Whether it’s turning on the lights when you flip a switch, or getting water when you turn a tap, utilities provide the gateway to health, education, entertainment and security.
But in 2020, utilities are facing an accelerating risk to their business model - their aging infrastructure.
The U.S. Department of Energy concluded that 70% of power transformers are 25 years or older, 60% of circuit breakers are 30 years or older and 70% of transmission lines are 25 years or older.

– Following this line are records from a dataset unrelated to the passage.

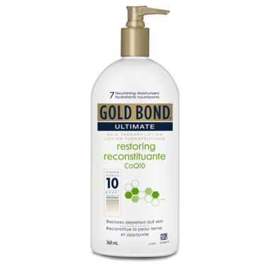 Gold Bond Ultimate Restoring is a lotion for daily use that helps restore depleted, dull skin. The formula has 7 nourishing moisturizers, combined with skin nurturing vitamins C and E plus CoQ10, the king of antioxidants. In addition, skin strengthening ceramides and lipids work to help restore elasticity, vitality and healthy skin texture. Always read and follow the label.
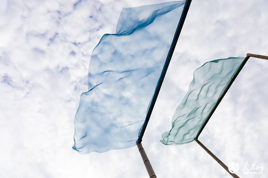 Photo shows fabrics colored with plant-based dyes dancing in the wind. (People’s Daily Online/Jiao Yan) |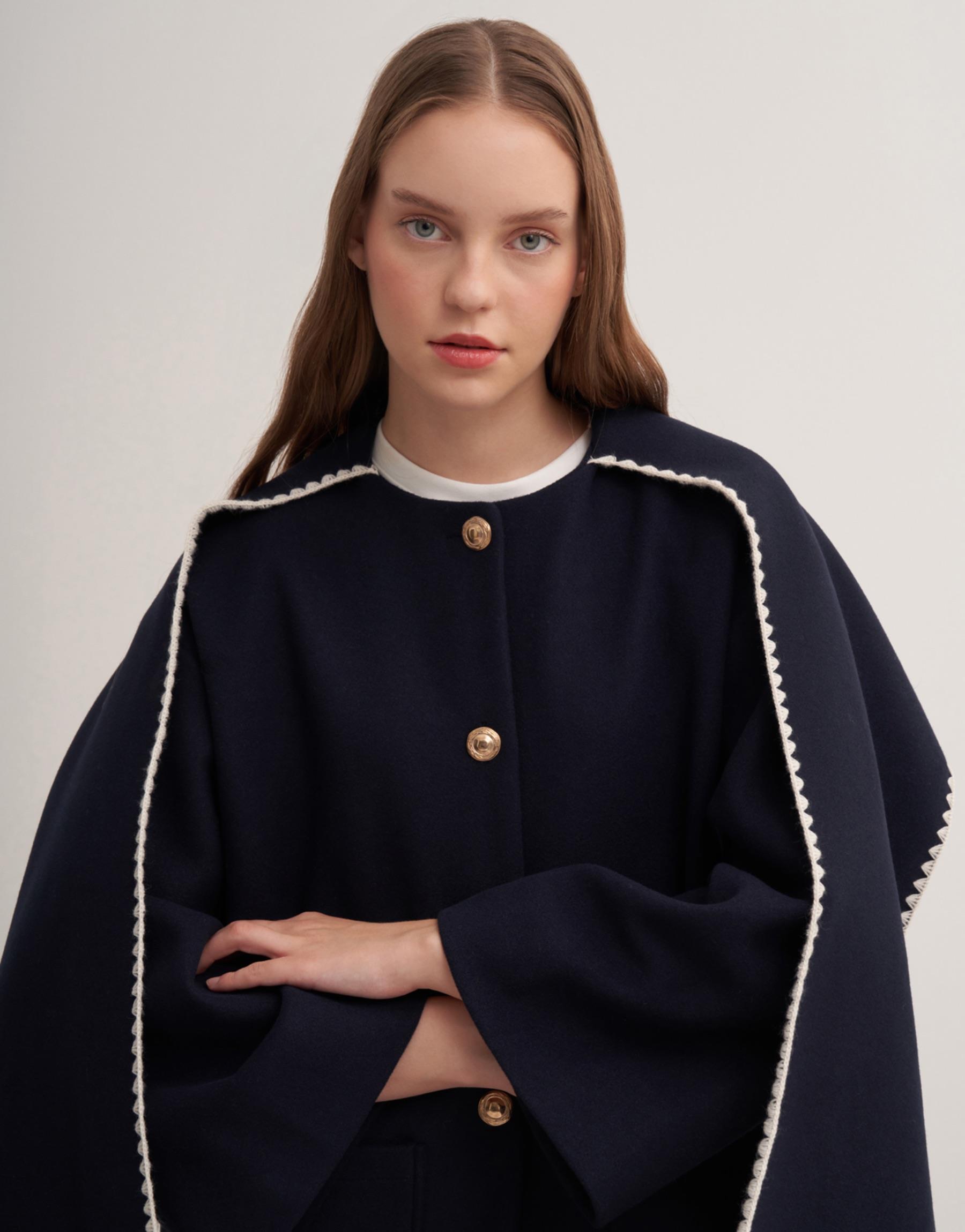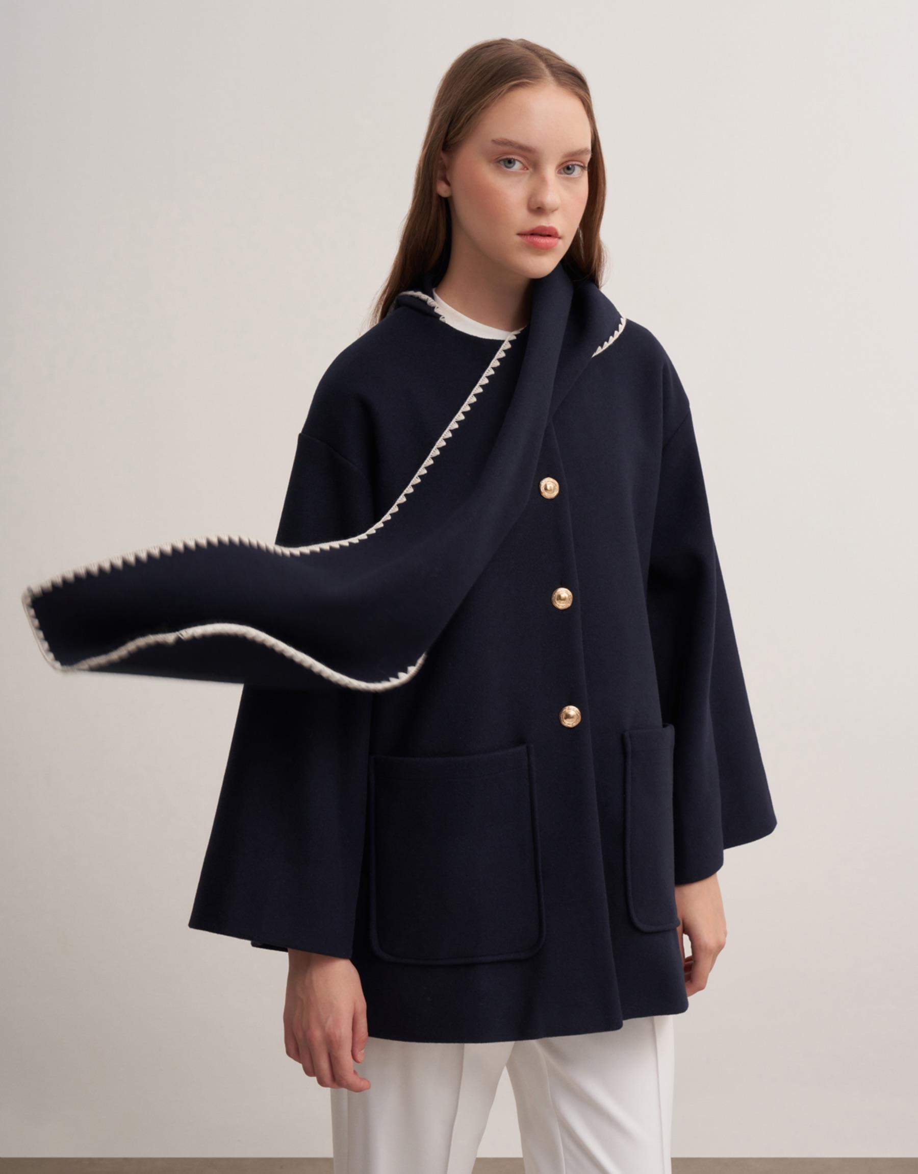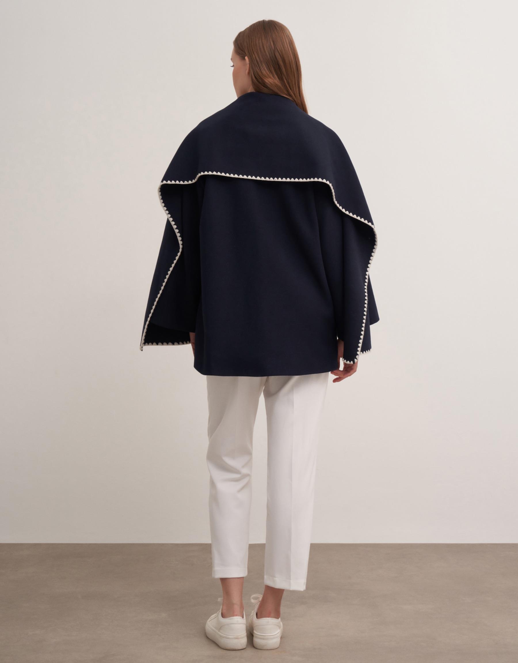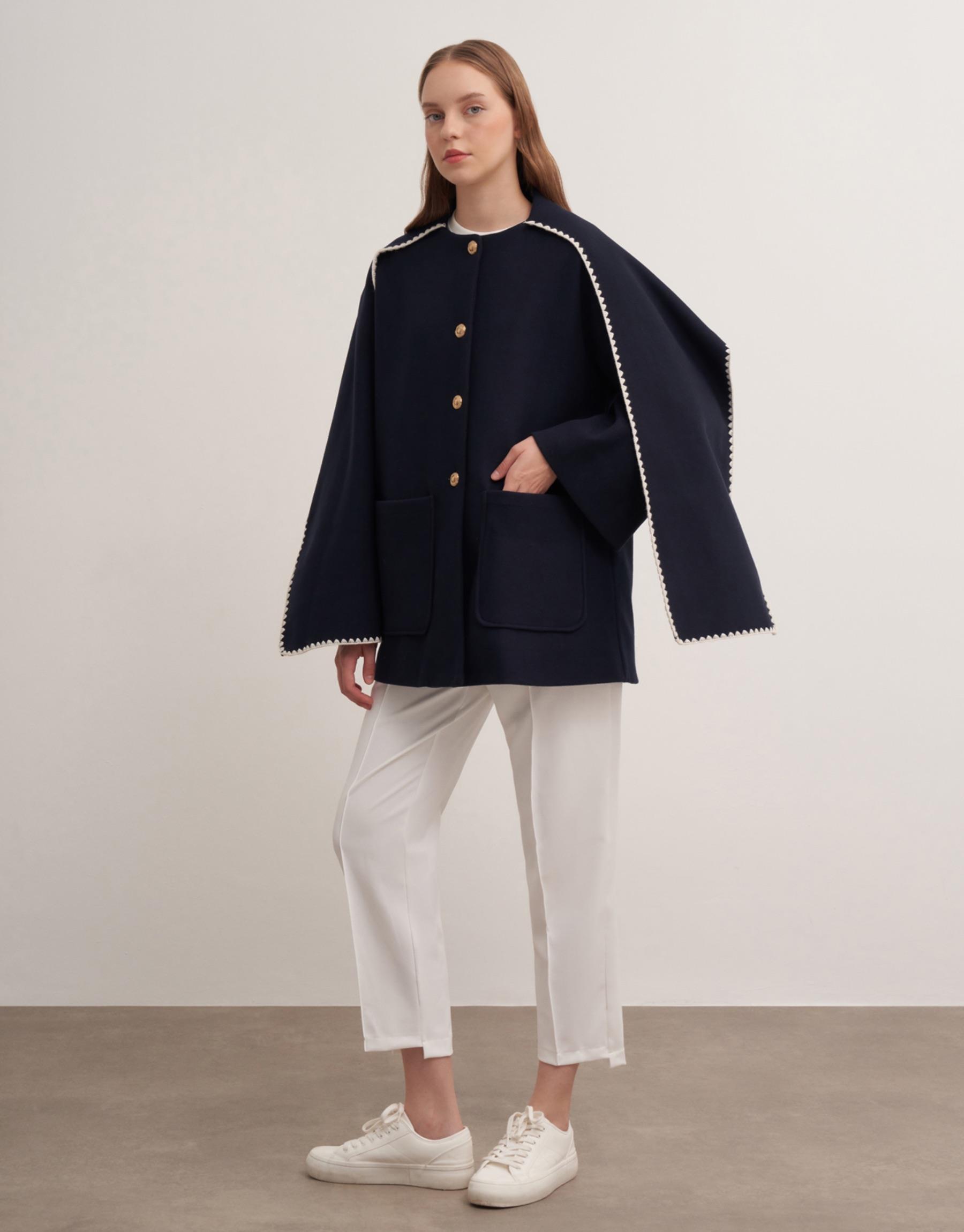 Pelerin detaylı ön cepli çoban dikişli ceket. Ceket boy 80cm göğüs ölçüsü 60cmdir.

And aging infrastructure is not confined to electric utilities.
Rocky Mountain Institute estimated that a quarter of active gas mains in the United States are more than 50 years old and a recent report released by the American Water Works Association said the cost of restoring underground water pipes in the US will total at least $1 trillion over the next twenty-five years.
The impact on budgets
Over time, the rise in operations and maintenance expenditures knocks down capital budgets. For every dollar that shifts from capital to operating expenses, utilities sacrifice earnings that would have been generated by investing that dollar in infrastructure.
In North America, utilities are cutting customer care budgets to afford their expanding capital re-investment programs. This can also be called cutting off their noses to spite their faces. So, if utilities need to reinvest in their networks, how can they do this without compromising their capex budgets and customer relationships?
Wouldn’t it help to make their operations and maintenance more efficient? This is easier said than done. Historically, their strategies are focused on preventative maintenance schedules where they send out a crew every so often, regardless of whether their assets need maintenance or not.
They have little choice in this approach, because most of their distribution networks were not enabled with SCADA monitoring technologies. If an asset is not monitored in real or near real time, the ability to employ a condition-based maintenance strategy is not possible.
If they can transition to a lean “digital” field force with full visibility of assets, processes and field workers – they could achieve up to a 20% improvement in productivity, said McKinsey, plus a 50% improvement in customer satisfaction. This could not only preserve capital budgets, but also provide a better customer relationship.
Leading utility companies are investing in technology enablers such as IoT, process digital twins and dispatch optimization analytics to drive down operating costs. These technologies allow utility operators to have a real-time view of how critical assets are performing in the field. It also centralizes the data so that field worker dispatch decisions are optimized, with full understanding of field maintenance crew dispatch decisions relative to customer experience service interruptions.
They can then continuously monitor how processes are executing, and enable continuous improvement centered on operating metric KPIs – and planning against those KPIs s to drive incremental productivity gains through forward operating cycles.
Thus, allowing them to preserve capital budgets and great customer service.